# WHAT TO WORK ON
Copy, word for word, the lines of the entries below between the one with "Alfombra de Algodón" and the one with "軟式輸尿管鏡最常見的風險或併", inclusive, and leave out everything else.

# DATA TO USE
__________________________________________________
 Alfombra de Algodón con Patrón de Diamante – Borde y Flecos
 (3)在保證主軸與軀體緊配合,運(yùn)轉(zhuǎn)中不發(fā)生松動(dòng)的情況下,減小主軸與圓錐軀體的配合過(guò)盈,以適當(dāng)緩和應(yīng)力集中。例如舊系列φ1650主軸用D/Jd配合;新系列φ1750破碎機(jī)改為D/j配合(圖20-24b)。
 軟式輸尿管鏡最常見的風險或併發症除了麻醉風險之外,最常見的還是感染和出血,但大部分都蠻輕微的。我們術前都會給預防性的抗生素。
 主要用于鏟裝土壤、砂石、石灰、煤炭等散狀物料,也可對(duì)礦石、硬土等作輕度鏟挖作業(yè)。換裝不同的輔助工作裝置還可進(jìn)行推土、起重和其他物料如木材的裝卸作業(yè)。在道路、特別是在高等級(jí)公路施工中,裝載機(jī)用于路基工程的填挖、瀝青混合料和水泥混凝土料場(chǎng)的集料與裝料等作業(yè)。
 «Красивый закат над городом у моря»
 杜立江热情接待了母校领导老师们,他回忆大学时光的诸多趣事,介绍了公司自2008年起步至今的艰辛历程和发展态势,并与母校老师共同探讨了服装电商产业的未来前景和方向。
__________________________________________________
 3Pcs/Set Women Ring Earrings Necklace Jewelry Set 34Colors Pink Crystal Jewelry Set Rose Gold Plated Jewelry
__________________________________________________
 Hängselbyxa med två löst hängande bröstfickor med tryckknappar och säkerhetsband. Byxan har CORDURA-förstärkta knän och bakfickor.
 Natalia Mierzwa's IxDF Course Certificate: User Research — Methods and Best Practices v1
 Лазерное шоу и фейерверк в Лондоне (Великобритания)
__________________________________________________
# THE COMPLETED TASK
 Alfombra de Algodón con Patrón de Diamante – Borde y Flecos
 (3)在保證主軸與軀體緊配合,運(yùn)轉(zhuǎn)中不發(fā)生松動(dòng)的情況下,減小主軸與圓錐軀體的配合過(guò)盈,以適當(dāng)緩和應(yīng)力集中。例如舊系列φ1650主軸用D/Jd配合;新系列φ1750破碎機(jī)改為D/j配合(圖20-24b)。
 軟式輸尿管鏡最常見的風險或併發症除了麻醉風險之外,最常見的還是感染和出血,但大部分都蠻輕微的。我們術前都會給預防性的抗生素。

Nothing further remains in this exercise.